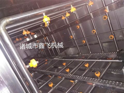 周轉(zhuǎn)筐清洗機設(shè)有氣泡發(fā)生裝置,利用氣泡的上下翻滾將蔬菜上殘留的泥沙和殘留農(nóng)藥等雜質(zhì)清洗干凈,并配有網(wǎng)帶輸送裝置可以將被清洗的蔬菜不斷向前推進,在出水面的時候會有噴淋裝置對蔬菜進行高壓沖洗進一步把蔬菜上的殘留雜質(zhì)清洗一遍,在蔬菜清洗機的末端裝置一個風機可以將蔬菜表面的水分吹掉一部分,更方便了下一步的加工。
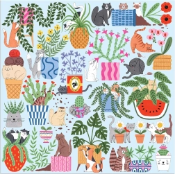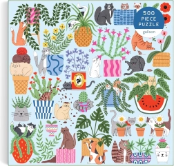 Enjoy a relaxing time with this original square puzzle featuring cats in flowerpots. The box includes 500 pieces and a reference poster to make assembly easier. Once completed, the puzzle measures approx. 51 × 51 cm — an ideal size for framing and display.
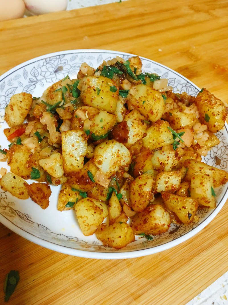 5:翻炒均匀好吃的锅巴土豆可以了。
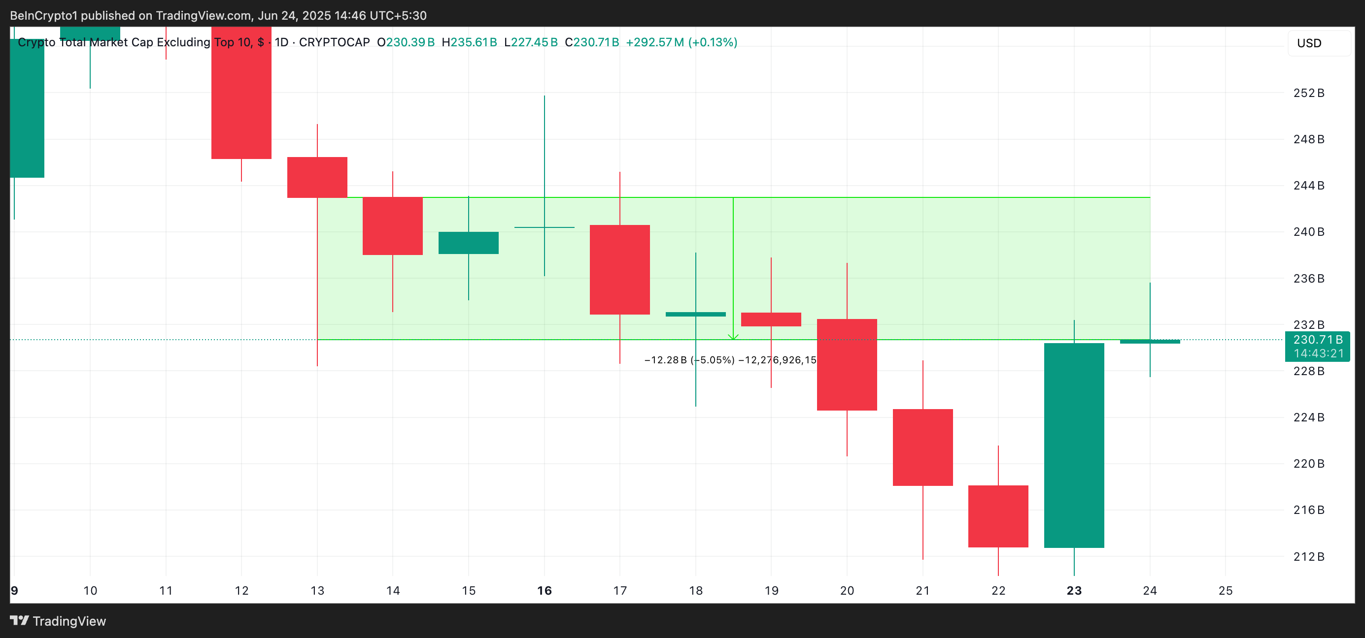 On the other hand, the altcoin market cap, excluding the top 10 coins, has dropped during the same period. OTHERS, which tracks the altcoin market share, has continued to decline, and is currently at $230.08 billion.
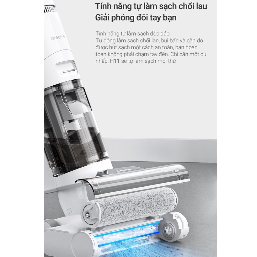 Dreame H11 mạnh mẽ với khả năng hút, lau và làm sạch sàn chỉ trong 1 lần thao tác. Kể cả vết bẩn khô hay ướt đều được máy xử lý gọn, nhanh và đơn giản. Dreame cho biết, chổi lăn có khả năng tự làm sạch chỉ bằng một nút nhất duy nhất. Chính nhờ vào điều này mà người dùng hoàn toàn không cần phải động tay vào việc giặt rửa thiết bị.
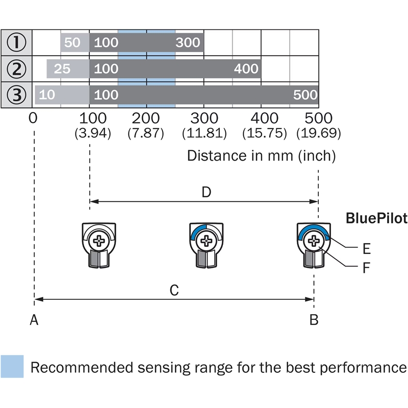 • BluePilot : outil d’alignement optique, réglage avec distance de commutation via bouton poussoir rotatif avec affichage optique de la distance de commutation ou via IO-Link
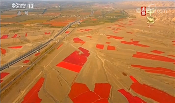 您现在看到的是位于天山北麓的新疆沙湾县安集海镇,是新疆辣椒的主要产区之一,充足的阳光加上天山雪水的灌溉,造就了当地辣椒的品质和口碑。
──────────
=== About this task ===
Restate, word for word, all of the material above, leaving out the images.

=== Exercise answer ===
 周轉(zhuǎn)筐清洗機設(shè)有氣泡發(fā)生裝置,利用氣泡的上下翻滾將蔬菜上殘留的泥沙和殘留農(nóng)藥等雜質(zhì)清洗干凈,并配有網(wǎng)帶輸送裝置可以將被清洗的蔬菜不斷向前推進,在出水面的時候會有噴淋裝置對蔬菜進行高壓沖洗進一步把蔬菜上的殘留雜質(zhì)清洗一遍,在蔬菜清洗機的末端裝置一個風機可以將蔬菜表面的水分吹掉一部分,更方便了下一步的加工。
 Enjoy a relaxing time with this original square puzzle featuring cats in flowerpots. The box includes 500 pieces and a reference poster to make assembly easier. Once completed, the puzzle measures approx. 51 × 51 cm — an ideal size for framing and display.
 5:翻炒均匀好吃的锅巴土豆可以了。
 On the other hand, the altcoin market cap, excluding the top 10 coins, has dropped during the same period. OTHERS, which tracks the altcoin market share, has continued to decline, and is currently at $230.08 billion.
 Dreame H11 mạnh mẽ với khả năng hút, lau và làm sạch sàn chỉ trong 1 lần thao tác. Kể cả vết bẩn khô hay ướt đều được máy xử lý gọn, nhanh và đơn giản. Dreame cho biết, chổi lăn có khả năng tự làm sạch chỉ bằng một nút nhất duy nhất. Chính nhờ vào điều này mà người dùng hoàn toàn không cần phải động tay vào việc giặt rửa thiết bị.
 • BluePilot : outil d’alignement optique, réglage avec distance de commutation via bouton poussoir rotatif avec affichage optique de la distance de commutation ou via IO-Link
 您现在看到的是位于天山北麓的新疆沙湾县安集海镇,是新疆辣椒的主要产区之一,充足的阳光加上天山雪水的灌溉,造就了当地辣椒的品质和口碑。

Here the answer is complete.